= What the exercise asks =
Could the data below be printed out exactly, with the pictures left out?
START Data segment
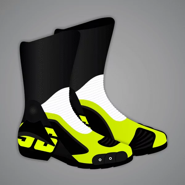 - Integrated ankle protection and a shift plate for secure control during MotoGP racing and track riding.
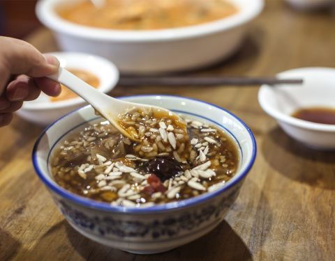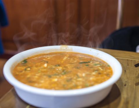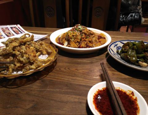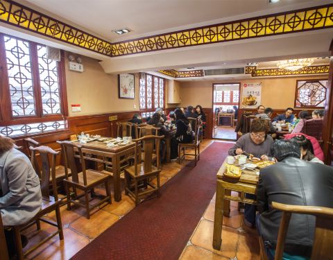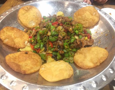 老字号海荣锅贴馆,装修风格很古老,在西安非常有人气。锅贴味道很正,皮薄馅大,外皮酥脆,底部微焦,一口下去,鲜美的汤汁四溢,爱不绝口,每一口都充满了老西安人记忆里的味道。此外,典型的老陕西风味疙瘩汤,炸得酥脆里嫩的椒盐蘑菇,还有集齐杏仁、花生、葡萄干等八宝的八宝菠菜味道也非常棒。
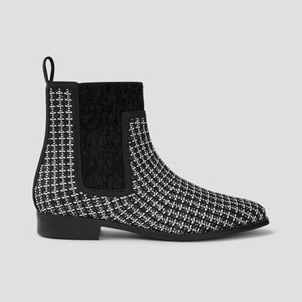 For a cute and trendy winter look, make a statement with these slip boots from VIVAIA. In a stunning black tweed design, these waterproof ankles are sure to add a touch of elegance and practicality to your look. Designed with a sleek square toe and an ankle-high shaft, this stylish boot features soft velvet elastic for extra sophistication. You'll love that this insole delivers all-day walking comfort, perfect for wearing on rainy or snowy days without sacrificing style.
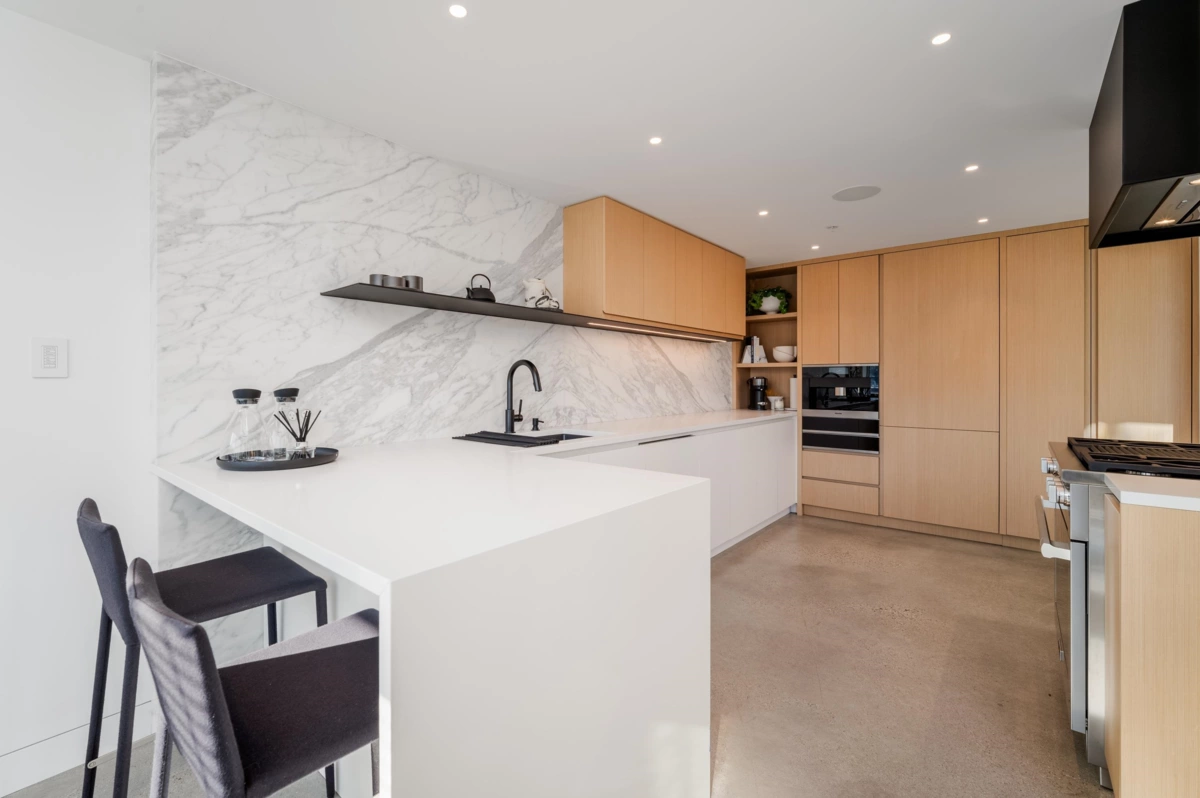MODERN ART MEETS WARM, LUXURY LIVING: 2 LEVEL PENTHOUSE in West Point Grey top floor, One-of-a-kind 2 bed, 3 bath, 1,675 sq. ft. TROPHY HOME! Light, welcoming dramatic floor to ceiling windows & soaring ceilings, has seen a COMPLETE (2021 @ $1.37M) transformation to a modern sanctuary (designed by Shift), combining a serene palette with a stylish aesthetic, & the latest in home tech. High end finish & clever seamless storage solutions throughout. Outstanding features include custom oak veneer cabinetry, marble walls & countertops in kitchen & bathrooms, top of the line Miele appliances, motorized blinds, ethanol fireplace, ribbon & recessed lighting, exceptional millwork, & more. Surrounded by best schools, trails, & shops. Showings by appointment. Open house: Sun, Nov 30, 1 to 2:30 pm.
END Data segment
= Response to this exercise =
 - Integrated ankle protection and a shift plate for secure control during MotoGP racing and track riding.
 老字号海荣锅贴馆,装修风格很古老,在西安非常有人气。锅贴味道很正,皮薄馅大,外皮酥脆,底部微焦,一口下去,鲜美的汤汁四溢,爱不绝口,每一口都充满了老西安人记忆里的味道。此外,典型的老陕西风味疙瘩汤,炸得酥脆里嫩的椒盐蘑菇,还有集齐杏仁、花生、葡萄干等八宝的八宝菠菜味道也非常棒。
 For a cute and trendy winter look, make a statement with these slip boots from VIVAIA. In a stunning black tweed design, these waterproof ankles are sure to add a touch of elegance and practicality to your look. Designed with a sleek square toe and an ankle-high shaft, this stylish boot features soft velvet elastic for extra sophistication. You'll love that this insole delivers all-day walking comfort, perfect for wearing on rainy or snowy days without sacrificing style.
MODERN ART MEETS WARM, LUXURY LIVING: 2 LEVEL PENTHOUSE in West Point Grey top floor, One-of-a-kind 2 bed, 3 bath, 1,675 sq. ft. TROPHY HOME! Light, welcoming dramatic floor to ceiling windows & soaring ceilings, has seen a COMPLETE (2021 @ $1.37M) transformation to a modern sanctuary (designed by Shift), combining a serene palette with a stylish aesthetic, & the latest in home tech. High end finish & clever seamless storage solutions throughout. Outstanding features include custom oak veneer cabinetry, marble walls & countertops in kitchen & bathrooms, top of the line Miele appliances, motorized blinds, ethanol fireplace, ribbon & recessed lighting, exceptional millwork, & more. Surrounded by best schools, trails, & shops. Showings by appointment. Open house: Sun, Nov 30, 1 to 2:30 pm.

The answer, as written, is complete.